The issue occoured after a reboot and of course no podman process is running in BG.

/run/ should not survive a reboot. Is /run on a tmpfs?

Considering it hasn't been given yet I'm posting the strace before I try to reinstall podman to a more recent version. Redacted /home/<user>/src/<project>.

have you used strace -f? As @mheon pointed out, the issue should be fixed in 1.8.1

Thanks for looking at this @giuseppe.
I think you've conflated two comments?

I posted the strace in case it helped - initially I couldn't get podman more recent than 1.6, but switching to the Suse repos allowed me to get 1.8.1 - the RH container bot managed builds have been broken for some time see issue #5502.

Happy for this to stay closed, as mentioned I posted mainly as FYI

@mheon No this is 1.8.0. /run is on a tmpfs but /run/user/$UID does not exist. May this be the root cause of the problem?

Is this a systemd based system? Is $XDG_RUNTIME_DIR defined?

@rhatdan In case of @faulesocke and me, no, we do not use a systemd based system.

Which probably means XDG_RUNTIME_DIR is not set?

@rhatdan exactly, no systemd and no XDG_RUNTIME_DIR. Of course I can set it and configure the system to create /run/user/$UID for me but I guess if it's required, at least the error message should indicate this.

@rhatdan:

Is this a systemd based system? Is $XDG_RUNTIME_DIR defined?

Yes to both:

$ echo $XDG_RUNTIME_DIR
/run/user/1000

Ok if this is a new issue, we should open a new issue and not just add comments to this closed issue.

No, keep closed. We were able to get more recent packages and haven't seen this since.

I'm seeing this behavior on CentOS 8.1.1911 with podman-1.8.2-81.1.el8.x86_64.

Using systemd but XDG_RUNTIME_DIR is not set for the user running podman commands.

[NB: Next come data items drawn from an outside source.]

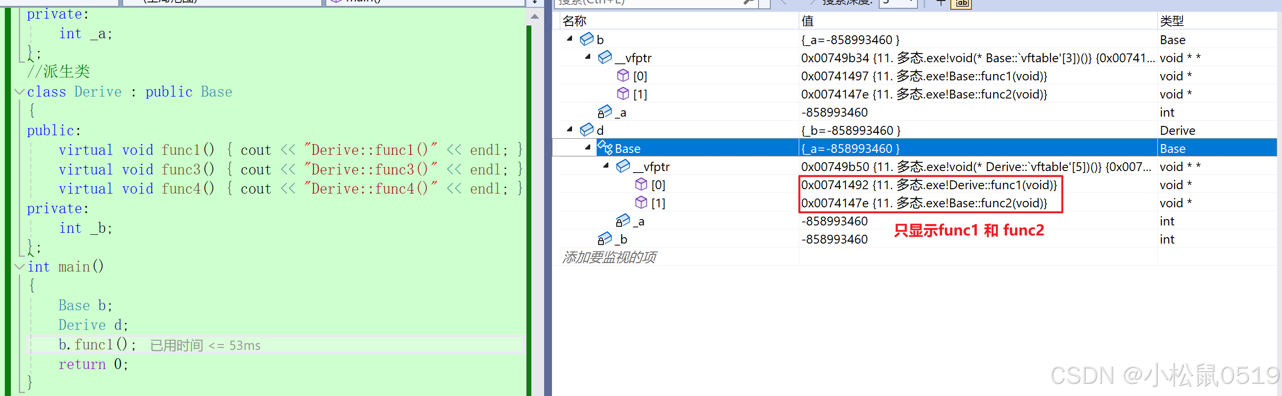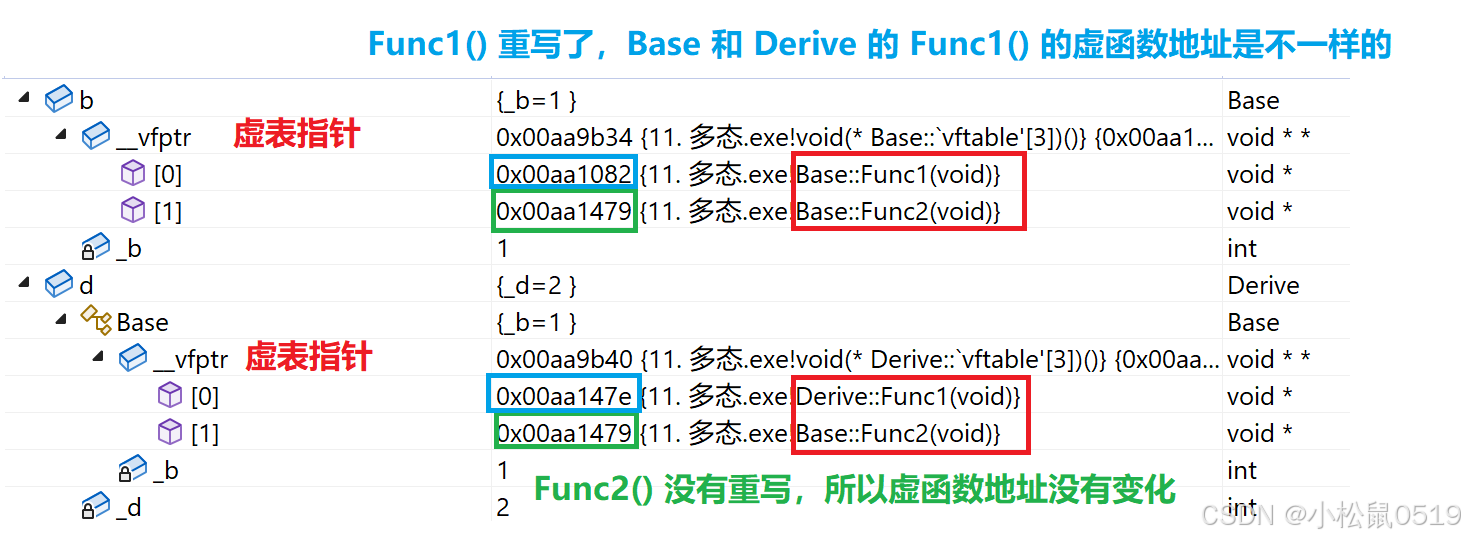 思路:取出b、d对象的头4bytes,就是虚表的指针,前面我们说了虚函数表本质是一个存虚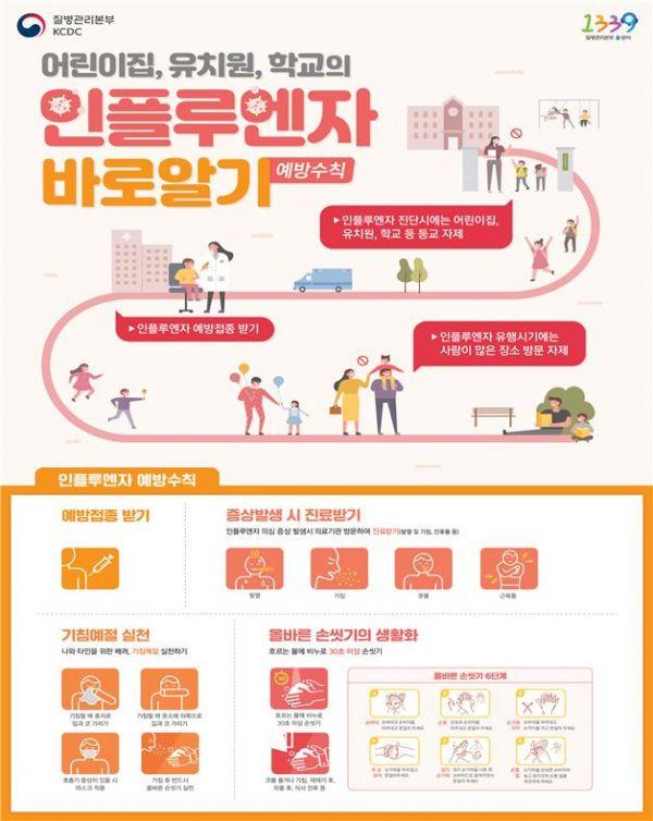 아울러 유행기간 동안 영유아 보육시설, 학교, 요양시설 등 집단시설에서 인플루엔자 예방관리 강화를 요청했다.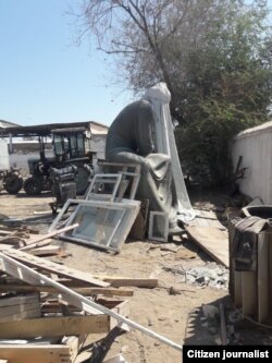 Хивалик фаоллардан олинган суратларда боши оқ мато билан ўралган санъат асарининг бузилган техника ва қурилиш чиқиндилари сақланадиган очиқ жойда турганини кўриш мумкин.

I had initially tried rming ~/.cache and ~/.local then podman system migrate but it did not resolve the issue. Now I'm installing the latest podman packages available in the kubic repo and still hitting this problem.

Rebooting the system is not feasible as it's a CI builder. Should XDG_RUNTIME_DIR be set for the UID of the user running podman commands? The directory does not exist on the system I can reliably reproduce this issue on.

v1.8.2 should definitely have the latest code for handling missing pause processes. The XDG_RUNTIME_DIR thing does seem suspicious, but I believe we have patches in for handling that.

Can you try a podman system reset to completely wipe Podman's state, and see if that resolves things?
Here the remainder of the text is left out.